105. See § 127. There is a considerable lacuna here, the purpose and some disconnected words being given by the Scholiast. The points dealt with in it by Cicero were no doubt the low price at which the property was sold (§ 130), and its disposal by Chrysogonus in various ways. His answer to this, according to the Scholiast, was: "Non quia timui, ne mihi tollerentur bona Roscii, ideo eius praedia dissipavi, sed quia aedificabam in Veientana, ideo de his transtuli," "I did not disperse the property because I was afraid that it might be taken away from me, but removed part to a house I was building in Veientine territory." Cicero, however, concluded from this dispersal that it had not been sold at all. He then went on to attack the luxury and extravagance of Chrysogonus, which made him desperately in need of money. Scholiast: "in hoc capite de potentia Chrysogoni invidiam facit, ut enumeret singula deliciarum genera, quod habeat plures possessiones, mancipia, quae omnia dicit de rapinis ipsum habere."
106. In Calabria, on the south-eastern extremity of Italy; the Bruttii inhabited its southern point.
107. "The other," i.e. Chrysogonus, whose splendid house, furniture, ornaments, and large household of domestic servants and slaves he proceeds to describe.
108. Of gold, silver, and copper, famous for their workmanship.
109. Greek 'authepsēs': a utensil for boiling, resembling a tea-urn.
110. Others read 'enumerare', to count out, pay.
111. Citizens who disgraced their toga by appearing in the retinue of a freedman.
112. With reference not only to a man's birth, but also to his moral worth.
113. As a senator.
114. As a iudex.
115. Throughout this passage Cicero endeavours to attack Chrysogonus without appearing to attack Sulla and the aristocratic party.
116. 'Equestrem splendorem'. This refers especially to the lex iudiciaria of Gaius Gracchus, whereby the office of iudices was transferred from the senators to the knights. This led to great jealousy between the two orders. In the civil war the knights were chiefly on the side of Marius, and hence were severely punished by Sulla.

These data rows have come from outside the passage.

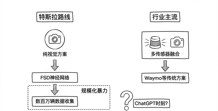 要是说Waymo代表了工程派的极致,那么特斯拉则代表了AI派的信仰。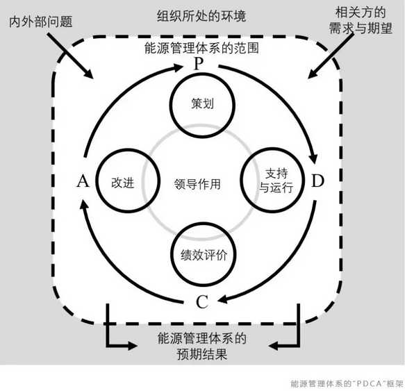 ISO 50001提供了一個方法框架,用于開發(fā)有效的能源管理系統(tǒng),與其他ISO管理體系標(biāo)準(zhǔn)一樣,能源管理體系遵循“計劃-執(zhí)行-檢查-行動”(PDCA)流程,以實現(xiàn)持續(xù)改進(jìn)。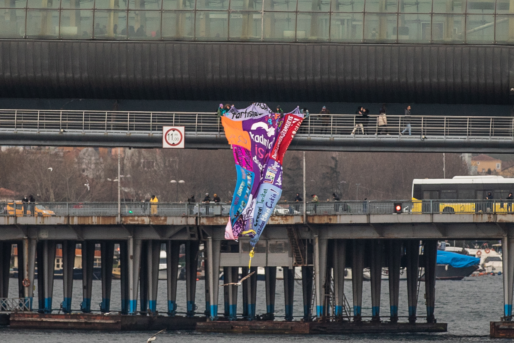 Kadınlar Birlikte Güçlü’nün mahalle mahalle hazırlayıp 8 Ocak’ta birbirine diktiği pankartlar İstanbul semalarında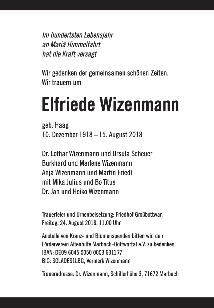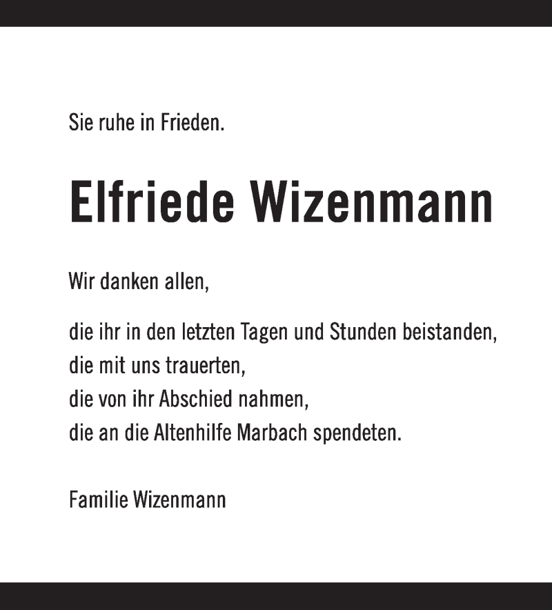 Hier finden Sie alle Traueranzeigen aus der Zeitung, die bisher für Elfriede Wizenmann erschienen sind. Weitere Traueranzeigen, die in der Zeitung erscheinen, werden hier ebenfalls aufgelistet

117. Such as the proscriptions and the purchase of confiscated goods.
118. Anyone who considers blame of Chrysogonus to be an attack upon himself and the cause of the nobles, does not understand the cause, but knows his own bad position; at the moment when he feels insulted if Chrysogonus is attacked he severs himself from the party of the nobles.

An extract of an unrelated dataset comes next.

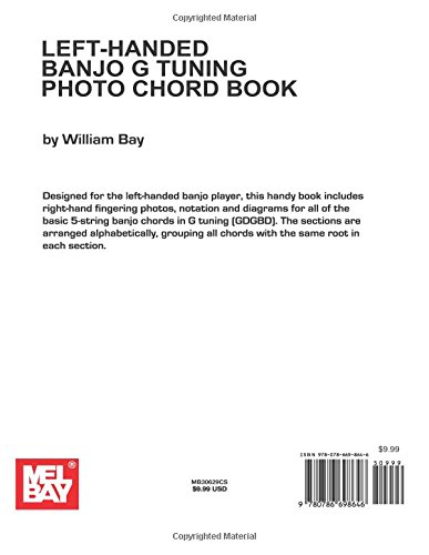 Designed for the left-handed banjo player, this handy book includes right-hand fingering photos, notation and diagrams for all of the basic 5-string banjo chords in G tuning (GDGBD). The sections are arranged alphabetically, grouping all chords with the same root in each section.

119. Ius gentium : according to the Roman jurists, the principles of right and wrong recognized in the laws of all peoples, the law common to all nations, not the same as international law.

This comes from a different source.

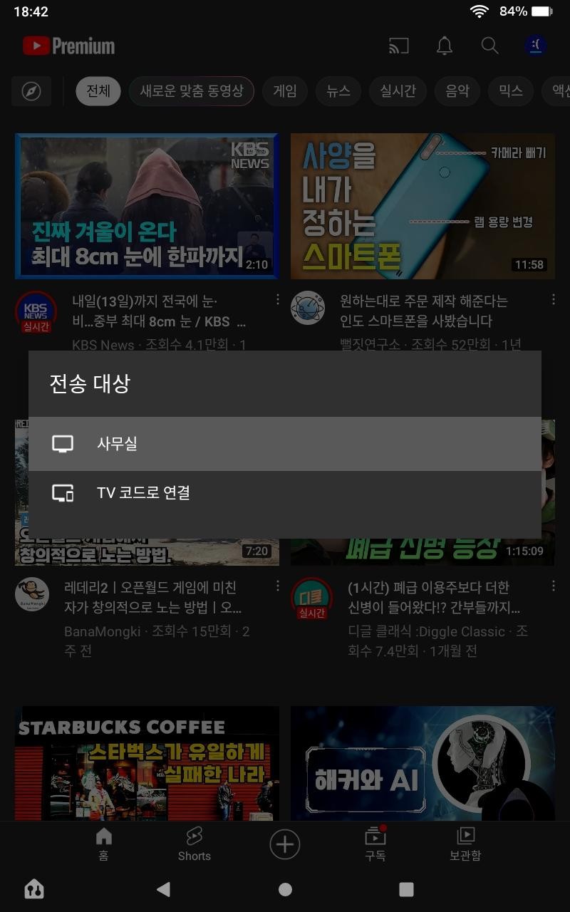 Android 디바이스의 경우에는 여차하면 디바이스의 화면을 직접 미러링할 수도 있다. Google Home 앱의 메인 메뉴에서 미러링할 크롬캐스트 항목을 선택하고 [화면 전송]을 누르면 간단하게 디스플레이 미러링 기능이 작동한다.

120. The seal-ring worn by every free Roman.
121. There is no fear of Sulla depriving you of it, seeing that you are his favourite, and also provision was made against it.
122. She was the daughter of Q. Caecilius Metellus, who obtained the name of Balearicus from his conquest of the Balearic Islands during his consulship in 123; of her uncles, Marcus suppressed a revolt of the Sardinians and Gaius defeated the Thracians. Her brother was Q. Caecilius Metellus Nepos, who was consul in 98. The mss. vary as to her name. In § 27 she is described as "Nepotis filiam," here as "Balearici filia, Nepotis soror." But since there is little doubt that she was the daughter of Metellus Balearicus, the text has been altered to correspond.
123. 'Mulier' and 'virtute' are purposely contrasted: the etymology of the latter ('vir', a man) is to be considered in reference to the sentence "cum esset mulier."
124. It is uncertain who this Messalla was : either the consul in 61 B.C., or in 53, who was now about sixteen years old.
125. 'Consilium publicum': the name commonly applied to the senate, here also to the assembly of iudices summoned by a public official, the praetor.